Justicia ambiental y soberanía económica

La discusión sobre los minerales críticos no es exclusivamente económica. Es también una discusión sobre soberanía.

La protección de los ecosistemas

Los recursos naturales se encuentran en territorios concretos, habitados por comunidades que deben tener voz en las decisiones que afectan sus vidas. La protección de los ecosistemas, la consulta a los pueblos indígenas y la participación ciudadana no pueden ser considerados obstáculos burocráticos para la inversión.

Por el contrario, deberían formar parte de cualquier estrategia de desarrollo sostenible.

la nueva batalla geopolítica por los recursos de América Latina

Al mismo tiempo, la transición energética mundial debe asumir una responsabilidad compartida. Los países con mayores niveles de consumo y mayores capacidades económicas no pueden trasladar indefinidamente los costos ambientales de su transformación productiva hacia territorios del Sur Global.

Una transición verdaderamente justa requiere financiamiento, transferencia tecnológica y cooperación internacional.

La oportunidad de construir una política de Estado

América Latina se encuentra nuevamente frente a una encrucijada histórica.

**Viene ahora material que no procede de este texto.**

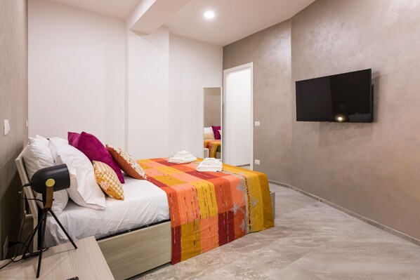 In the sleeping area, double bed, walk-in wardrobe useful for storing personal items and possibility of adding a cot on request. The bathroom, with shower, is very spacious and equipped with a courtesy kit for each guest.
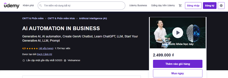 Khóa học “AI Automation in Business” trên Udemy là lựa chọn tuyệt vời cho những ai muốn ứng dụng trí tuệ nhân tạo để tối ưu quy trình làm việc. Nội dung được thiết kế khoa học, đi từ cơ bản đến nâng cao, giúp học viên hiểu rõ cách sử dụng các công cụ AI trong marketing, bán hàng, chăm sóc khách hàng và quản lý dữ liệu.
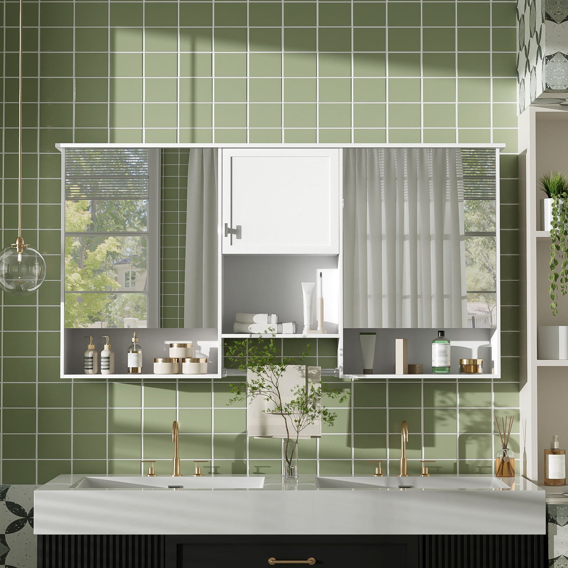 Wall-Mount 3-In-1 Mirror Cabinet With Adjustable Shelf, Soft-Closing Hinges, Rectangular Design - White
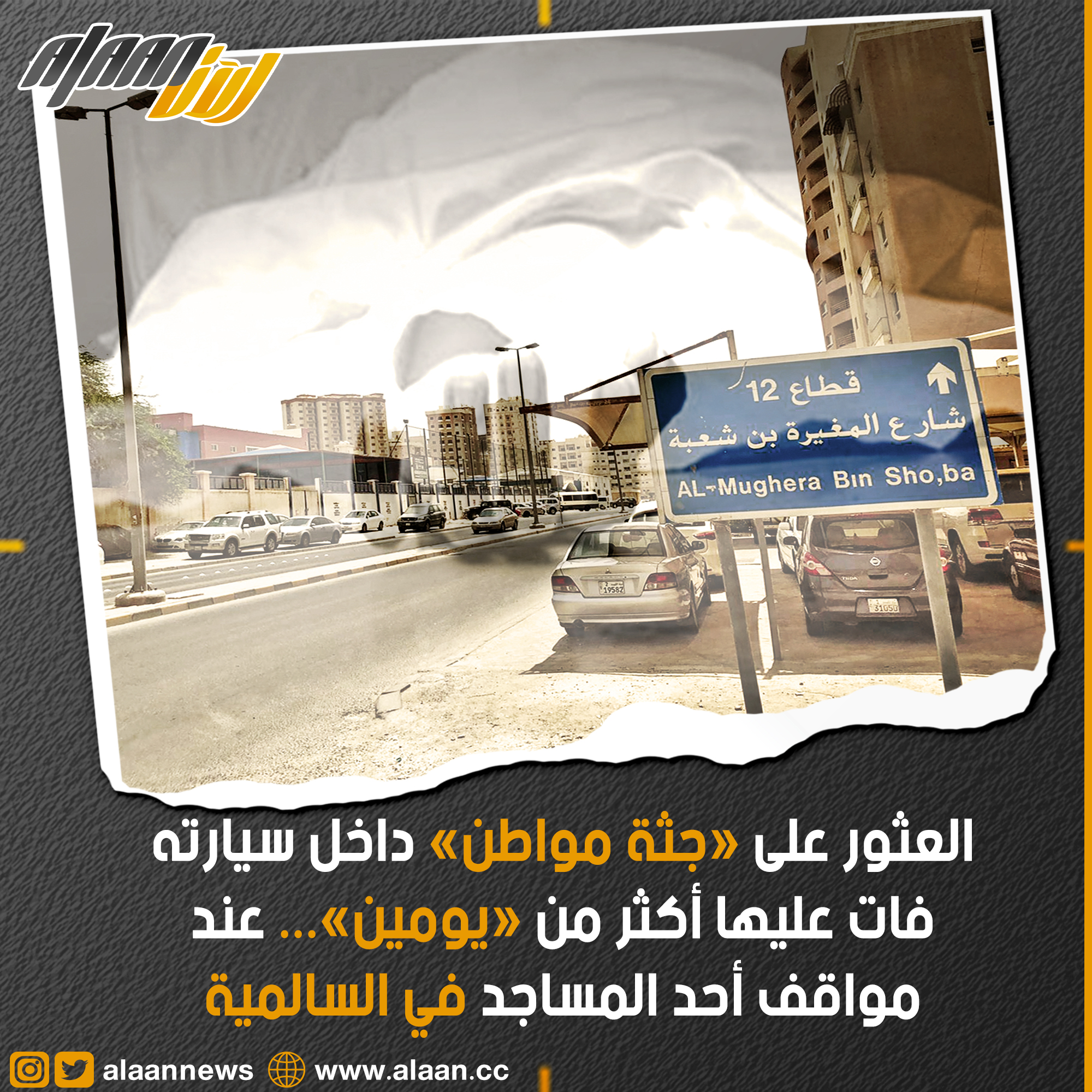 عُثر على جثة مواطن داخل سيارته عند مواقف أحد المساجد، بمنطقه السالمية، وذلك بعد أن أبلغ أحد المصلين عمليات الداخلية.
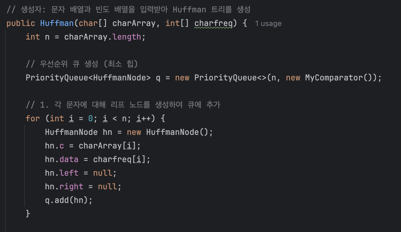 // 1. 각 문자에 대해 리프 노드를 생성하여 큐에 추가

La  alternativa exige visión estratégica

Puede aprovechar la demanda mundial de minerales críticos para obtener divisas en el corto plazo y reproducir el viejo modelo primario-exportador. O puede utilizar esta nueva etapa de la economía mundial como una palanca para industrializarse, desarrollar tecnología, generar empleos de calidad y fortalecer su autonomía.

La segunda alternativa exige visión estratégica.

Los gobiernos deberían establecer políticas de largo plazo que sobrevivan a los ciclos electorales y definan con claridad qué recursos pueden explotarse, en qué condiciones, qué beneficios deben permanecer en los territorios y cuánto valor agregado debe generarse localmente.

¿Quién se queda con la riqueza de la transición energética?

La riqueza mineral de América Latina puede ser una oportunidad de desarrollo. Pero para que lo sea, la región debe dejar de pensarse únicamente como proveedora de recursos y comenzar a actuar como protagonista de las nuevas cadenas productivas globales.

América Latina frente a la carrera mundial por los minerales estratégicos

La transición energética no debería ser simplemente una carrera por extraer más minerales. Debería ser una oportunidad para construir sociedades más justas, economías más diversificadas y países con mayor capacidad para decidir sobre su propio futuro.

El desafío, en definitiva, no es solamente quién controlará los minerales del siglo XXI. La pregunta decisiva es quién controlará el desarrollo que esos minerales pueden hacer posible.